Serving in View of the Finish Line

Whatever in ministry is sucking you dry, know this, your trouble has an expiration date. You are on the long road, and perhaps it feels as though there is no end – but there is, and your ability to take the next step depends on your clear view of the finish line. When you are really suffering, you need a perspective that goes farther than this moment, or even a week from now or a month from now, or a year from now. You need a perspective that stretches all the way into eternity. 2 Corinthians 4:16-18 offers this perspective: “So we do not lose heart. Though our outer self is wasting away, our inner self is being renewed day by day. For this light momentary affliction is preparing for us an eternal weight of glory beyond all comparison, as we look not to the things that are seen (here’s the long road perspective) but to the things that are unseen. For the things that are seen are transient but the things that are unseen are eternal.”

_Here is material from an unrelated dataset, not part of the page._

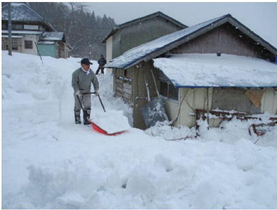
除雪ボラ☺ティア活動 (NPO 法人ハートネットふくしま様)
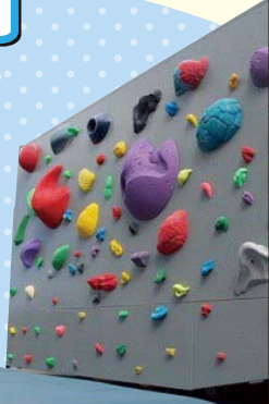
スポーツ クライミング 体験

How can we call real suffering light and momentary? It can almost seem flippant and calloused. But this is what makes all the difference, when we look down a road that leads all the way to eternity, an eternity that carries a “weight of glory,” so much truth and goodness pressing down, so hounded by the grace and mercy of God we won’t be able to take it all in. We catch this weight of glory snippets here and there in this life, but it’s coming in its fullest.  And while we long for that day, what can shut out all possibility of catching glimpses of it now is refusing the light and momentary affliction. In hard moments I don’t want this. I would trade a bit of that weight of glory for a bit of relief. Which means, I think, that I only have eyes for the seen, and need some grace and perhaps a few minutes to focus on all that I cannot see, the deepest, truest, reality of all. 

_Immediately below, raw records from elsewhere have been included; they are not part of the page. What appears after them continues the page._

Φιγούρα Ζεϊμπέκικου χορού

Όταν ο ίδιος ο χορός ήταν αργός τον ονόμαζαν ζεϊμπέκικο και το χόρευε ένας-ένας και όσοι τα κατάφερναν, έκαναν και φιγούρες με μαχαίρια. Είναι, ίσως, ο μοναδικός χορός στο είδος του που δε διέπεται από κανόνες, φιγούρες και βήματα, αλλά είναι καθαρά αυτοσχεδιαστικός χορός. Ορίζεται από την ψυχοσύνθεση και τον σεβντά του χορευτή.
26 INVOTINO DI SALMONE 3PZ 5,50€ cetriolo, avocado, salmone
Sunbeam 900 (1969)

And when I embrace this reality, of all the unseen but lasting things, suddenly all the ways I am “wasting away” isn’t something to run from, it was the plan all along. Because what is the point, really, of passing the finish line well rested, spic-and-span, choreographed, calculated, and curated?  Why not give it all, empty out, and use all of self up, until there is nothing left but Christ?  Because either way there will be nothing left but Christ. Are you wasting away today? Greater, deeper, truer things are growing, and those things aren’t just in your ministry, they are inside you. As you waste away, may unseen glory be putting down roots, swelling with growth, and bursting into flower, and when it all goes to seed may the next generation live in the shade of what you grew. 

Taking it Further: What feels like a weight now, that can be renamed by faith, “a light momentary affliction”? How does seeing the finish line change your service today?